[Stored records]
-- Opening Marker --
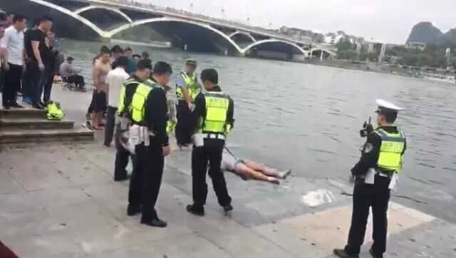 交警立马上前查看情况,看见男子的的摩托车上绑了很多个电单车电瓶。冲卡男子见交警过来,便撒腿向漓江边跑去,跳进了河里。
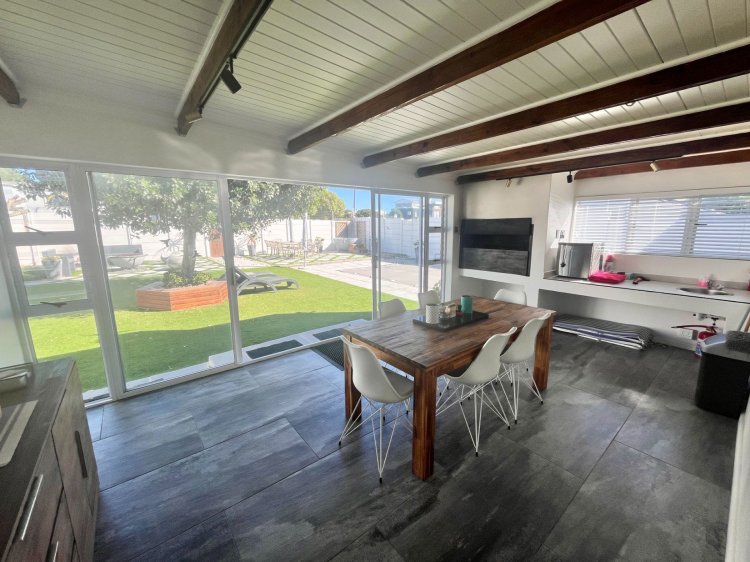 Recently renovated this lovely holiday home is located in the older part of Yzerfontein . A home designed for entertaining with spacious living areas ,open plan kitchen and adjacent braai room opening onto the private outdoor space with a sparkling swimming pool, wood-fired hotpot, braai boma and playground . Four double bedrooms and three bathrooms , main ensuite, have options for accommodating holiday rentals or extended family gatherings. The extra large double garage has direct access to the house and sliding doors which open onto the garden and pool area and doubles as a play area. Many extras such as air conditioning in 3 bedrooms , underfloor heating , heated towels rails, CCTV cameras, electric fencing , clear bars, blinds and water tanks . The property earns an income from holiday letting as Yzerfontein's proximity to the city lends itself to a weekend breakaway destination .
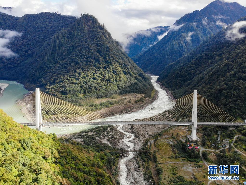 這是川藏公路通麥路段上的迫龍溝特大橋(2019年10月27日攝,無(wú)人機(jī)照片)。新華社記者 孫非 攝
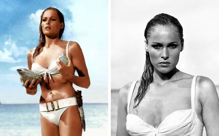 Урсула Андресс зіграла в першому фільмі бондіани «Доктор Ноу» і стала першою дівчиною Бонда. Урсула досі вважається однією з самих сексапільних дівчат Джеймса Бонда, а сцену її виходу на пляж з моря в білому бікіні порівнюють з картиною Боттічеллі «Народження Венери». Купальник з пряжкою і ножем на поясі став легендарним і був проданий на аукціоні в 2001 році за $ 59 755.
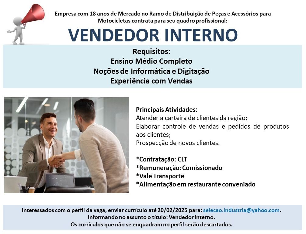 Empresa está selecionando Vendedor interno; Envie seu currículo!
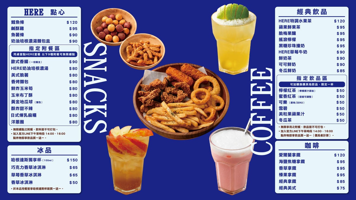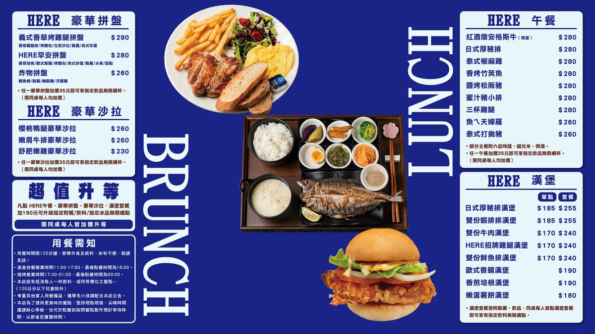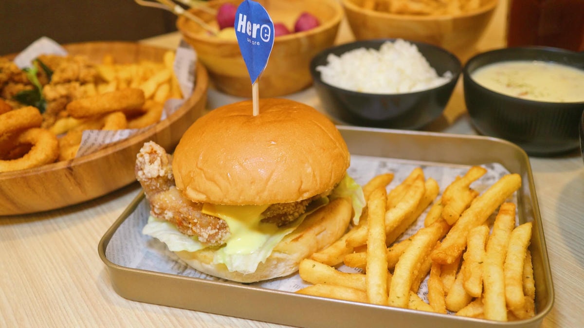 「Here café 大安店」店內餐點品項很多元選擇 , 有早午餐商業午餐、拼盤、沙拉 、炸物、漢堡應有盡有 , 招牌炸物推薦加菜必點 , 菜色多都具不同的特色又豐富口感 , 親子友善加上不限時間 , 除了適合聚會聊天外也可以包場舉辦活動求婚、舉辦派對都是很推薦的地點選擇!
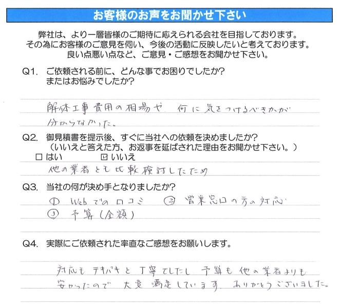 対応もテキパキと丁寧でしたし、予算も他の業者よりも
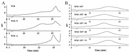 (A) HPGPC chromatogram of WM, WM-N, and WM-A; (B) HPGPC chromatogram of WM-NP’ products with different alcohol concentrations.
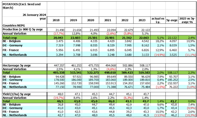 De mondiale oogst in 2023 bedroeg 22,7 miljoen ton, dit is 5,1 procent meer dan in 2022 en bijna gelijk aan het vijfjarig gemiddelde. De teelt van aardappelen vond in 2023 plaats op een totale oppervlakte van 519.583 hectare, dit is een stijging van twee procent ten opzichte van 2022. De gemiddelde opgeslagen opbrengsten in de NEPG-zone bedroegen 43,7 ton per hectare, 1,4 procent hoger dan in 2022.
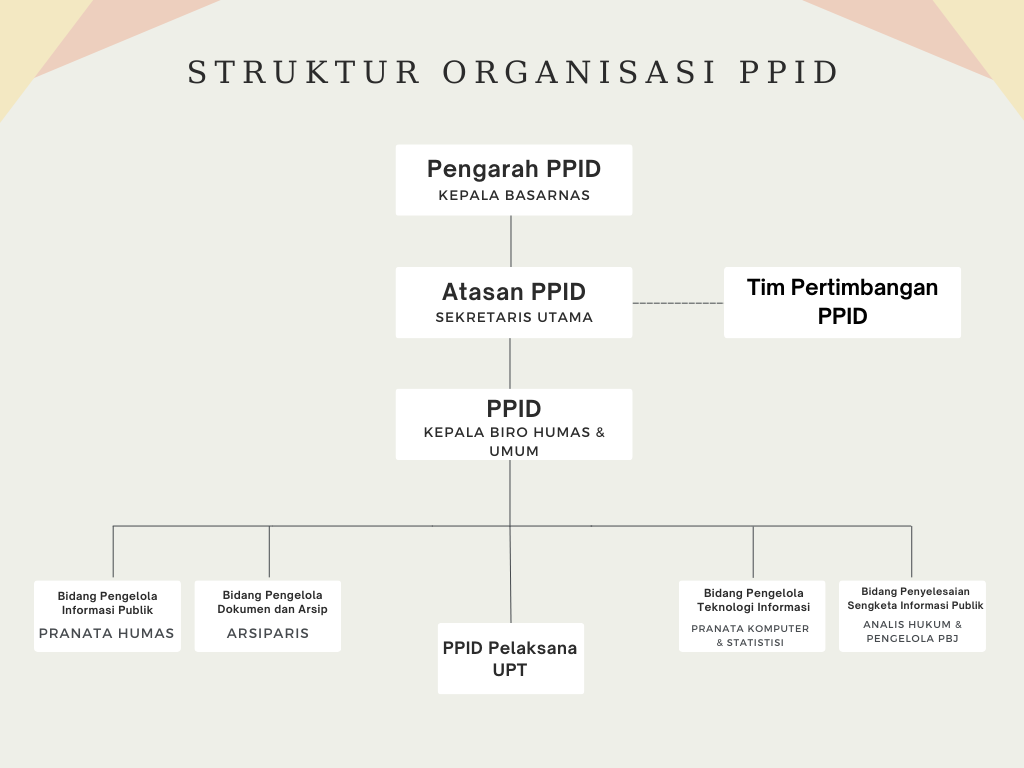 Atasan PPID Basarnas dijabat oleh Dr. Abdul Haris Achadi, S.H., DESS yang merupakan Sekretaris Utama di Basarnas. Pernah menduduki jabatan sebagai Kepala Bagian Kerja Sama Teknik Luar Negeri, Kepala Biro Bagian Hukum dan Kepegawaian Basarnas, Deputi Bidang Bina Tenaga dan Potensi Pencarian dan Pertolongan dan saat ini menjabat sebagai Sekretaris Utama Basarnas.
-- Closing Marker --
Instructions to follow:
Although the records contain pictures, return only their text, exactly as written.

Finished exercise:
 交警立马上前查看情况,看见男子的的摩托车上绑了很多个电单车电瓶。冲卡男子见交警过来,便撒腿向漓江边跑去,跳进了河里。
 Recently renovated this lovely holiday home is located in the older part of Yzerfontein . A home designed for entertaining with spacious living areas ,open plan kitchen and adjacent braai room opening onto the private outdoor space with a sparkling swimming pool, wood-fired hotpot, braai boma and playground . Four double bedrooms and three bathrooms , main ensuite, have options for accommodating holiday rentals or extended family gatherings. The extra large double garage has direct access to the house and sliding doors which open onto the garden and pool area and doubles as a play area. Many extras such as air conditioning in 3 bedrooms , underfloor heating , heated towels rails, CCTV cameras, electric fencing , clear bars, blinds and water tanks . The property earns an income from holiday letting as Yzerfontein's proximity to the city lends itself to a weekend breakaway destination .
 這是川藏公路通麥路段上的迫龍溝特大橋(2019年10月27日攝,無(wú)人機(jī)照片)。新華社記者 孫非 攝
 Урсула Андресс зіграла в першому фільмі бондіани «Доктор Ноу» і стала першою дівчиною Бонда. Урсула досі вважається однією з самих сексапільних дівчат Джеймса Бонда, а сцену її виходу на пляж з моря в білому бікіні порівнюють з картиною Боттічеллі «Народження Венери». Купальник з пряжкою і ножем на поясі став легендарним і був проданий на аукціоні в 2001 році за $ 59 755.
 Empresa está selecionando Vendedor interno; Envie seu currículo!
 「Here café 大安店」店內餐點品項很多元選擇 , 有早午餐商業午餐、拼盤、沙拉 、炸物、漢堡應有盡有 , 招牌炸物推薦加菜必點 , 菜色多都具不同的特色又豐富口感 , 親子友善加上不限時間 , 除了適合聚會聊天外也可以包場舉辦活動求婚、舉辦派對都是很推薦的地點選擇!
 対応もテキパキと丁寧でしたし、予算も他の業者よりも
 (A) HPGPC chromatogram of WM, WM-N, and WM-A; (B) HPGPC chromatogram of WM-NP’ products with different alcohol concentrations.
 De mondiale oogst in 2023 bedroeg 22,7 miljoen ton, dit is 5,1 procent meer dan in 2022 en bijna gelijk aan het vijfjarig gemiddelde. De teelt van aardappelen vond in 2023 plaats op een totale oppervlakte van 519.583 hectare, dit is een stijging van twee procent ten opzichte van 2022. De gemiddelde opgeslagen opbrengsten in de NEPG-zone bedroegen 43,7 ton per hectare, 1,4 procent hoger dan in 2022.
 Atasan PPID Basarnas dijabat oleh Dr. Abdul Haris Achadi, S.H., DESS yang merupakan Sekretaris Utama di Basarnas. Pernah menduduki jabatan sebagai Kepala Bagian Kerja Sama Teknik Luar Negeri, Kepala Biro Bagian Hukum dan Kepegawaian Basarnas, Deputi Bidang Bina Tenaga dan Potensi Pencarian dan Pertolongan dan saat ini menjabat sebagai Sekretaris Utama Basarnas.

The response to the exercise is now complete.